• cutaneous T-cell lymphoma;
  • extracorporeal photochemotherapy;
  • immunotherapy;
  • photopheresis;
  • Sézary syndrome

ABSTRACT:  Photopheresis or extracorporeal photochemotherapy (ECP) is an immunomodulating procedure that has been available for the treatment of cutaneous T-cell lymphoma (CTCL) since 1987. A concentrated white blood cell (WBC) sample spiked with 8-methoxypsoralen (methoxsalen) is exposed to an ultraviolet A light source, then all blood components are returned to the patient. Treatment of mycosis fungoides (MF) and Sézary syndrome (SS) with ECP has been reported in over 400 patients. The combined overall response rate for all stages of CTCL is 55.7% (244 out of 438) with 17.6% (77 out of 438) achieving a complete response.
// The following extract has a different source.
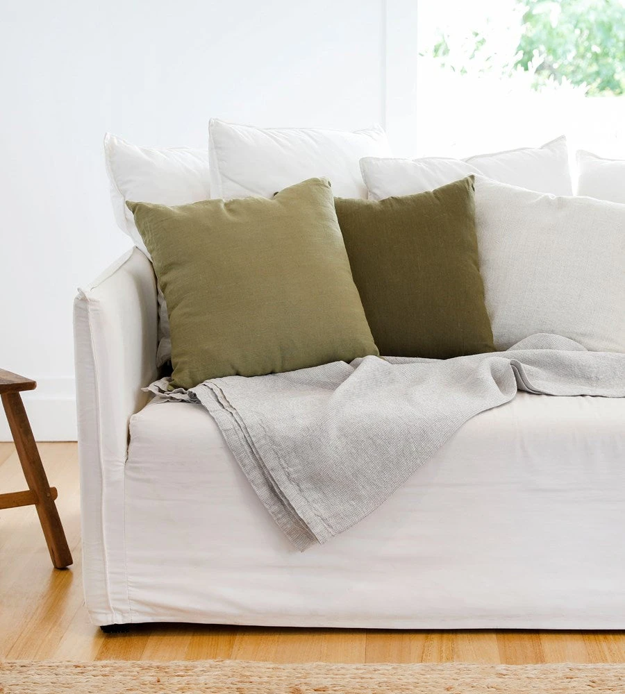 A simple and soft linen cushion in a deep moss green colour. Use to accessorise any interior space.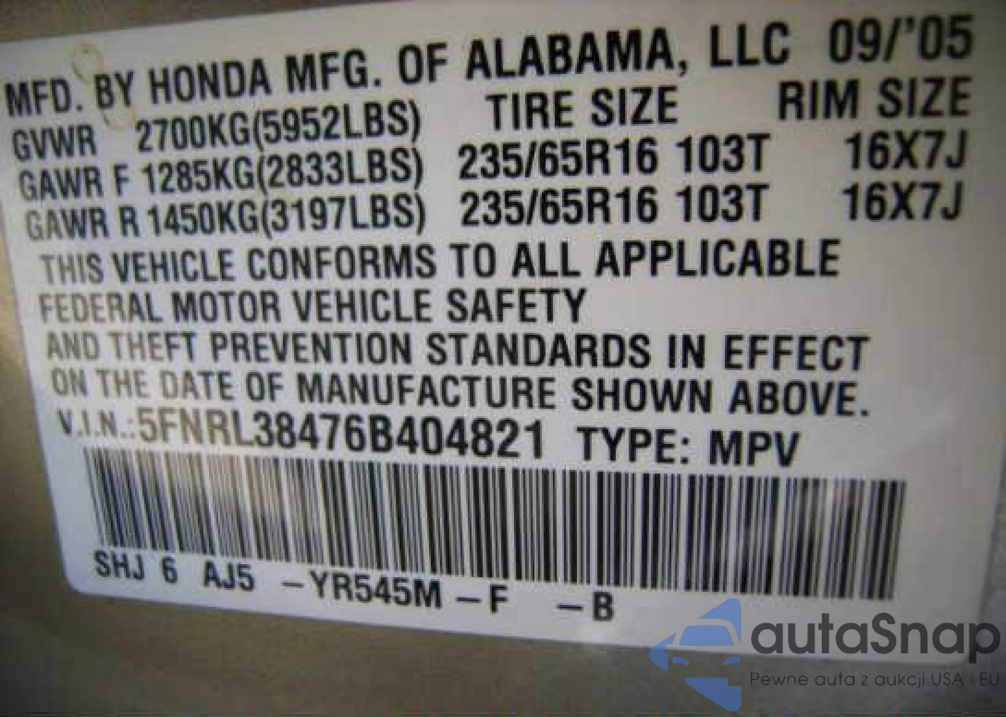 • VIN: 5FNRL38476B404821

Efficacy in treating certain clinical stages (IB, IIA, III and IVA) and skin stages (T2 and T4) of MF and SS is favorable, although randomized trials comparing ECP to other standard therapies are needed. The use of ECP to treat early stage patients remains controversial. Efforts to establish the effectiveness of combining ECP with other newer immunoadjuvant therapies and modifications of the procedure to enhance immunomodulation are exciting prospects for patients with CTCL.